Through boxes with blue background and the heading, “Complications
and management,” the authors write about postoperative care.
The boxes appear at the end of most sections; although very brief,
they provide useful pointers.
The book starts with a chapter on anatomy, as expected, with different
sections for orbit, eyelid surface, skin, muscles, fascias, tarsal
plates, blood and nerve supplies and the lachrymal glands. The chapter
also includes a section on the oriental eyelid and another one on
lid changes with ageing.
Basic techniques in oculoplasty follow, in detail. The “grafts”
sections are particularly clear, including descriptions of harvesting
the skin, hard palate, and fascia lata. The usual sections on pre-operative
evaluation, anaesthesia and instrumentation are included. Ectropion
in all its flavours has two long chapters dedicated to it.
Eyelid abnormalities are dealt with briefly under the headings trichiasis
and distichiasis. Several procedures to treat ptosis are presented,
with short but clear rationales for the choice of approach suggested.
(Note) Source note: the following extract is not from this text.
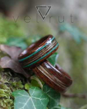 Akçaağaç tabanlı saç tutam şeritli ve çift malahit toz şeritli sarma ahşap yüzük.

Before and after photos are well used. Blepharoplasty is presented
as a different chapter, but cross-referenced with ptosis. Eyebrow
retraction and correction of every muscle around the orbit all find
a section or sub-section to themselves.
Chapters 12 and 13 deal with evisceration and the anophthalmic socket,
with secondary implants explained in some detail. Orbital problems
such as a contracted socket are also dealt with. The four following
chapters are dedicated to eyelid reconstruction; the last chapter
gets the miscellaneous conditions not covered anywhere else.
Teachers and trainers of ophthalmic surgery would love this book.
Indeed, any ophthalmic or plastic surgeon who even occasionally
needs to perform plastic surgery or do a lid repair will find this
clear and visual book interesting and useful.